(What needs to be done)
Although the listing below holds pictures, reproduce only its lines from the one containing "Берем фольгу, смазываем" through the last, exactly and without them.

(Available data)
[Start of section]

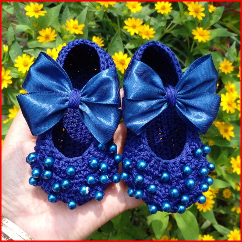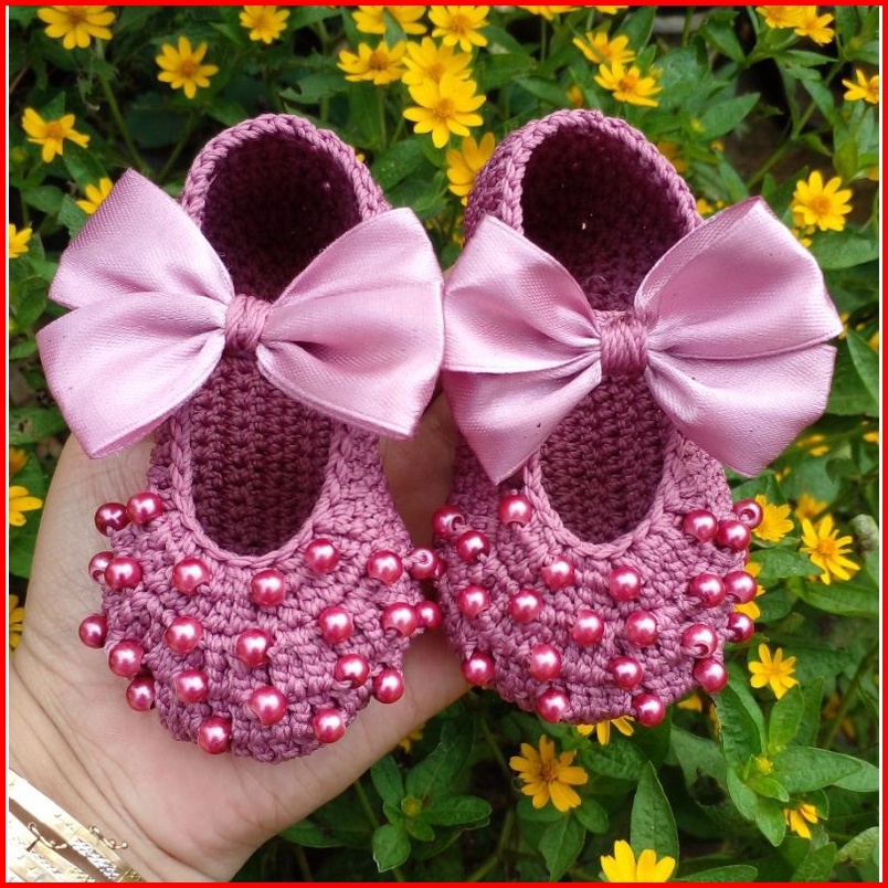 Catalog 1 Sepatu Bayi Perempuan Rajut Hias Pita Cantik Lucu Murah Bisa Custom
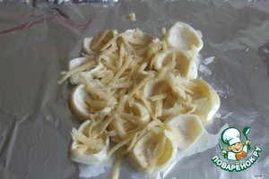 Берем фольгу, смазываем растительным маслом. И все ингредиенты выкладываем слоями. Сначала выкладываем картофель.
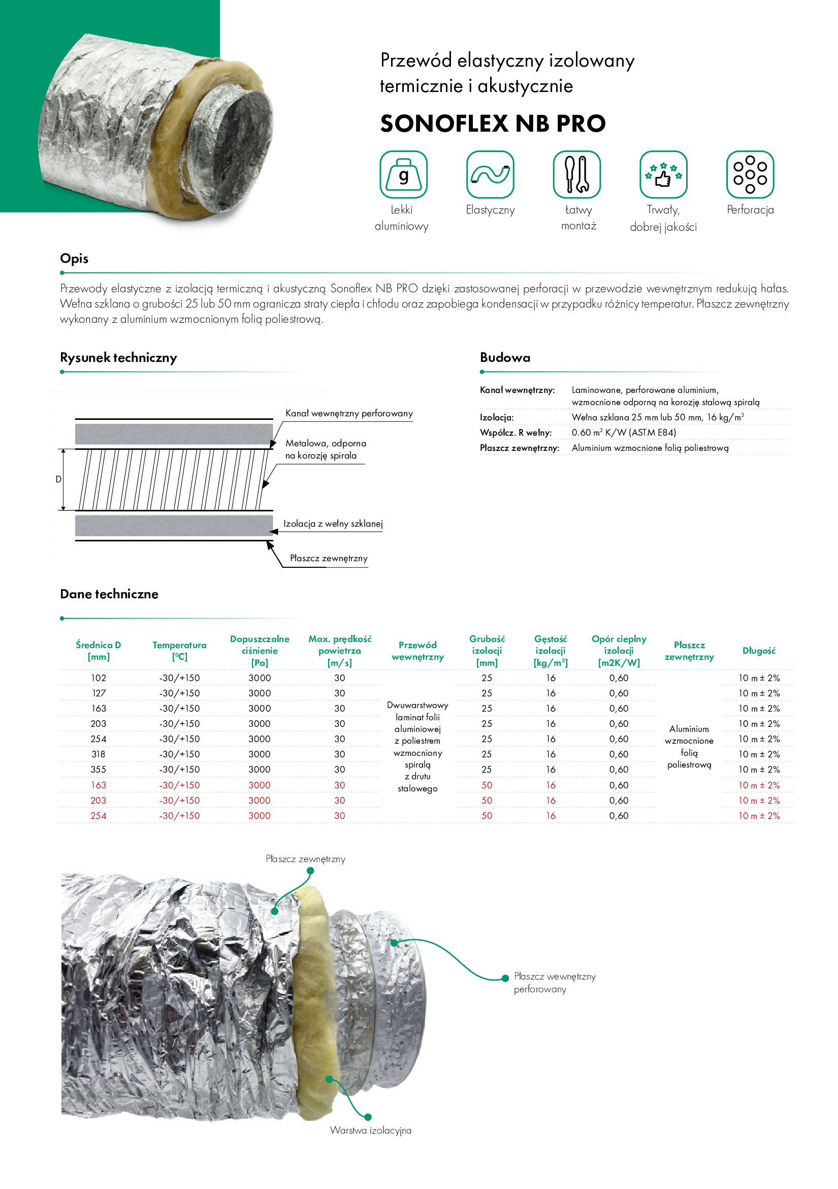 SONOFLEX NB PRO to wysokiej klasy przewód elastyczny, zaprojektowany z myślą o wymagających zastosowaniach, w których istotna jest zarówno izolacja akustyczna, jak i termiczna. Dzięki 25-milimetrowej warstwie izolacyjnej, perforowanemu kanałowi wewnętrznemu oraz solidnemu wykonaniu, produkt ten spełnia najwyższe standardy w zakresie efektywności energetycznej, komfortu akustycznego oraz trwałości instalacji wentylacyjnych.

[End of section]

(Finished task)
 Берем фольгу, смазываем растительным маслом. И все ингредиенты выкладываем слоями. Сначала выкладываем картофель.
 SONOFLEX NB PRO to wysokiej klasy przewód elastyczny, zaprojektowany z myślą o wymagających zastosowaniach, w których istotna jest zarówno izolacja akustyczna, jak i termiczna. Dzięki 25-milimetrowej warstwie izolacyjnej, perforowanemu kanałowi wewnętrznemu oraz solidnemu wykonaniu, produkt ten spełnia najwyższe standardy w zakresie efektywności energetycznej, komfortu akustycznego oraz trwałości instalacji wentylacyjnych.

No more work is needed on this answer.